Derived subgroups of $SL(2,2)$, $SL(2,3)$ and $GL(2,3)$

I would like to compute the commutator subgroups of $SL(2,2)$, $SL(2,3)$ and $GL(2,3)$.

For the group $G:=SL(2,2)$, we have $|G|=6$. We can easily show that $G$ is nonabelian. And hence either $|G'|=2$ or $|G'|=3$. Since the set of transvection generate $G$, $G'$ can not contain a transvection, which is conjugate to $\left(\begin{array}{cc}1&0\\1 &1 \end{array}\right)$. Hence $|G/G'|=2$, and so $|G'|=3$. Hence $G'=C_3$ is a cyclic group of order $3$.

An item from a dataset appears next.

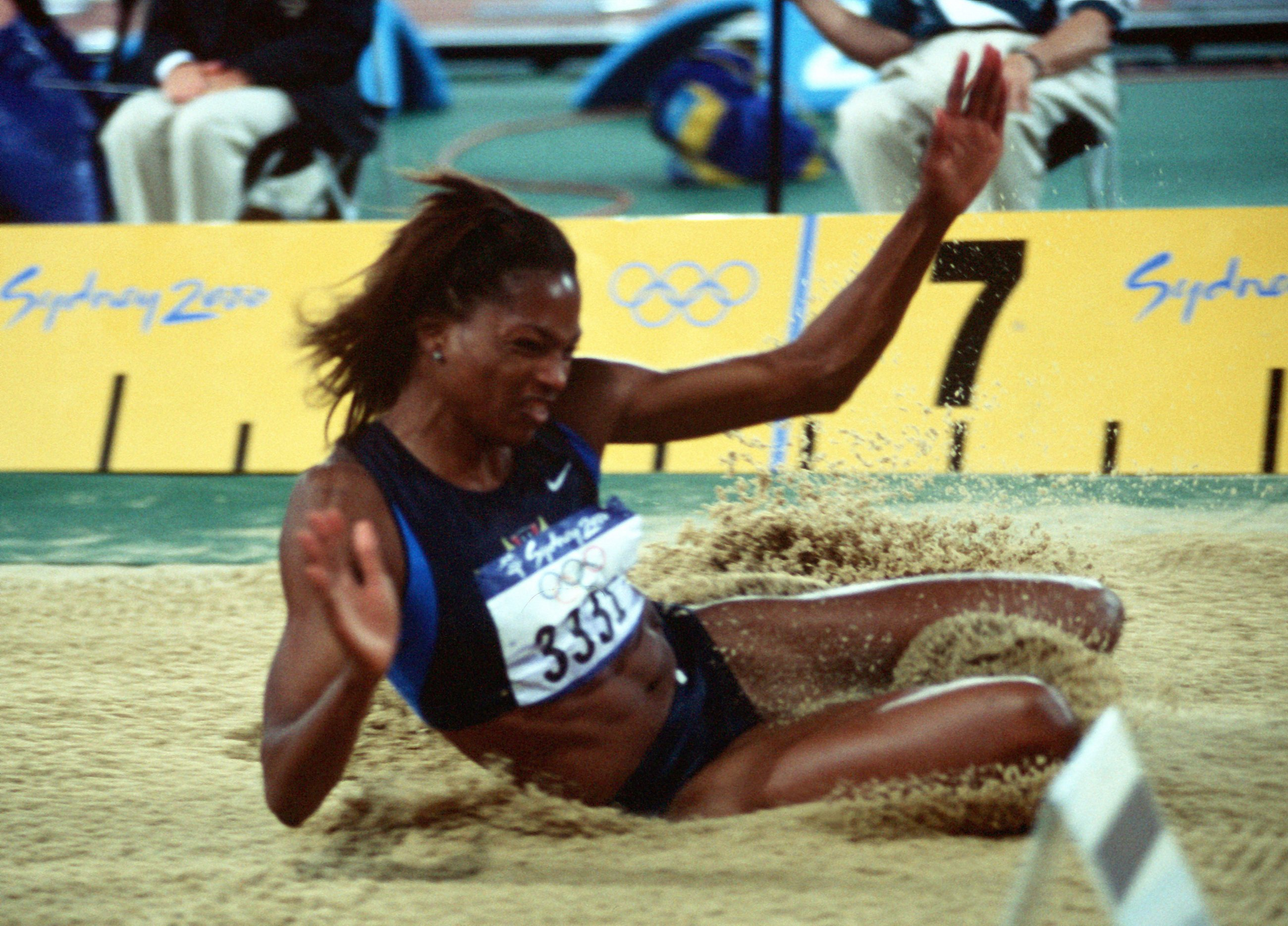 Dawn Burrell lands in the sandpit during the Women's Long Jump competition at the 2000 Olympic games in Sydney, Australia, on September 27th, 2000.

Is the above argument correct? How can I do for other groups $SL(2,3$ and $GL(2,3)$?

Many thanks in advance.

$$G=SL(2,2)=GL(2,2)\,\,\,\text{of order six and non abelian}\,\,\Longrightarrow G\cong S_3\Longrightarrow G'=S_3^{'}=A_3\cong C_3$$

To see that $\,S_3^{'}=A_3\,$ note that $\,S_3/A_3\cong C_2\,$ is abelian, and thus $\,S_3^{'}\leq A_3\,$ , and since $\,S_3^{'}\neq 1\,$ (why?) then $\,S_3^{'}=A_3\,$

$$|G:=GL(2,3)|=(3^2-1)(3^2-3)=48\,\,,\,\,|SL(2,3)|=\frac{48}{2}=24$$

Thus

$$G/SL(2,3)\cong C_2\,\,\,\text{abelian}\,\,\Longrightarrow G'\leq SL(2,3) $$

Now note that

$$\begin{pmatrix}1&a/2\\0&1\end{pmatrix}\begin{pmatrix}1&0\\0&\!\!\!\!-1\end{pmatrix}\begin{pmatrix}1&-a/2\\0&\;\;1\end{pmatrix}\begin{pmatrix}1&0\\0&\!\!\!-\!1\end{pmatrix}=\begin{pmatrix}1&a\\0&1\end{pmatrix}$$

and since transvections like the one above generate $\,SL(2,3)\,$, we get the equality $\,G'=SL(2,3)\,$

The derived subgroup of $G=SL(2,3)$ is the quaternion group $Q_8$. The possible minimal polynomials of an element of order $2$ in $G$ must divide $X^2-1$ and cannot be $X^2-1$ (since the determinant must be $1$). Therefore $X=-1$ (scalar multiplication) is the unique element of order $2$ (generating the center of $G$). In a similar way (determinant and trace of the minimal polynomial) one shows that there are no elements of order $8$ and $6$ elements of order $4$. Therefore there is a unique $2$-Sylow subgroup which must be normal. By multiplication of the elements of order $4$ you found, you show that the group is non-abelian. The dihedral group $D_4$ and the quaternion group $Q_8$ are up to isomorphism the only non-abelian groups of order $8$. Since our group contains a unique element of order $2$, it must be $Q_8$. Since $G/Q_8$ is abelian we have $G'$ is contained in $Q_8$. To see that it is $Q_8$ we note that $G/Z(G)$ is a non-abelian group of order $12$ whose 2-Sylow is isomorphic to $Q_8/Z(G)$ which is isomorphic to the Klein four-group and therefore must be the alternating group $A_4$ whose derive subgroup is of order $4$. Since $Q_8'$ of order $2$ and in $G'$, we obtain that $G'$ is of order $8$.